False positive rates are low (<0.00003 in Zookeeper, zero in Cassandra across millions of checker calls in Jepsen-induced fault injection workloads), demonstrating practical deployability.
FlyCatcher's synthesis overhead remains moderate: the median time for checker generation is 15 seconds/checker, with monetary LLM query cost at $0.60$/checker (Claude Sonnet 4). At runtime, checker instrumentation incurs a typical 2.7–40.3% overhead (upper bound in tested scenarios), with the expectation of lower overhead for full system runs.

Figure 2: Distribution of time (seconds per checker) to generate runtime checkers with FlyCatcher, reflecting scalable synthesis behavior.
Technical Contributions and Contrasts
- LLM Generalization: FlyCatcher leverages LLMs to infer abstract, parameterized program properties from concrete test code, successfully decoupling semantic property learning from fixed test constants and workloads.
- Shadow State Abstractions: Introduction of explicit, checkable shadow state enables robust tracking of system invariants that depend on complex multi-method interactions and temporal object properties, a substantial improvement over approaches lacking state modeling.
- Iterative Feedback-driven Synthesis: The static and dynamic validation loop, with explicit LLM-guided code repair and explicit diagnostics, systematically filters invalid/hallucinated outputs—an essential component for reliable automation.
- Demonstrated Practicality: The pipeline scales to large-scale, real-world platforms with high test and codebase complexity, with minimal manual configuration.

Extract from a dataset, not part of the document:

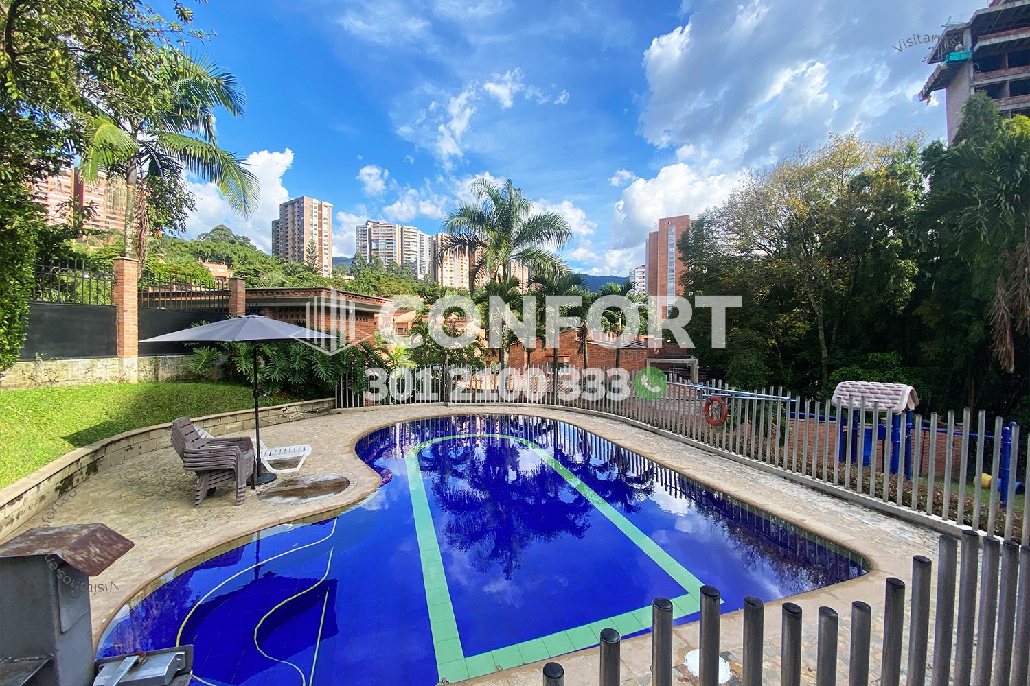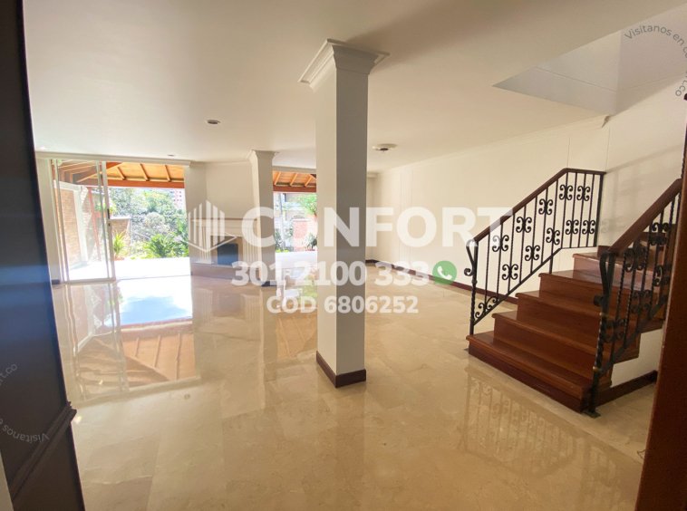 68-06-252 Inmobiliaria en Medellín arrienda casa ubicada en el sector de El Escobero en Envigado, cuenta con un área de 187mts distribuidos en sala comedor con chimenea, cocina integral, zona de lavado, 3 habitaciones, 2 de ellas con baño privado, 2 baños sociales, habitación de servicio con baño privado, zona de estudio con biblioteca, terraza con acceso a amplia zona verde, garaje para 2 vehículos y cuarto útil. Ubicada en unidad con seguridad privada 24/7 y zonas comunes tales como piscina para adultos, juegos infantiles, salón social, gimnasio, cancha de fútbol y zonas verdes, a su alrededor podemos encontrar el centro comercial City Plaza, colegio Cumbres, vías de acceso por la avenida El Poblado, transversal Intermedia y gran variedad de transporte público. CONFORT GESTORES INMOBILIARIOS – Arriendo en Envigado

Implications, Limitations, and Prospects
Practical Impact: FlyCatcher demonstrates that LLMs—when suitably integrated with program analysis and validation techniques—enable practical, semi-automatic derivation of complex, domain-specific runtime semantic checkers from test code. This can lower the barrier to continuous semantic monitoring in production, significantly increasing silent failure detection rates.
Limitations: The approach is constrained by the representativeness and expressiveness of test code; properties not manifested or indirectly tested cannot be captured. Mutants missed by FlyCatcher often reflect insufficient test coverage or semantic equivalence. While the feedback loop mitigates LLM hallucinations, reliance on non-deterministic LLM outputs introduces some variability.
Theory and Future AI Directions: The pipeline validates the hypothesis that program understanding tasks involving behavioral semantic reasoning are tractable for current LLMs when augmented with static contextualization and robust validation. Future extension could explore even tighter coupling with symbolic execution, grafting of program-specific type-state or protocol mining (using model-based formalism), and application beyond Java to other ecosystems and languages. Further, continuous learning via online revalidation in production traces could yield self-improving semantic checker systems.
Conclusion
FlyCatcher (2604.22028) advances fully-automated, LLM-guided inference of runtime semantic checkers, offering scalable, robust monitoring for silent failures in large software systems. By synthesizing parameterized, stateful checkers grounded in existing tests, and leveraging iterative validation to ensure soundness, it enables broader adoption of runtime semantics checking without deep manual specification effort. Practical results on four complex systems show superior correctness, coverage, and usability over prior art. The approach exposes new avenues for AI-assisted software reliability—suggesting that generative models, when substantively constrained and validated, are viable partners in automated program analysis and runtime assurance.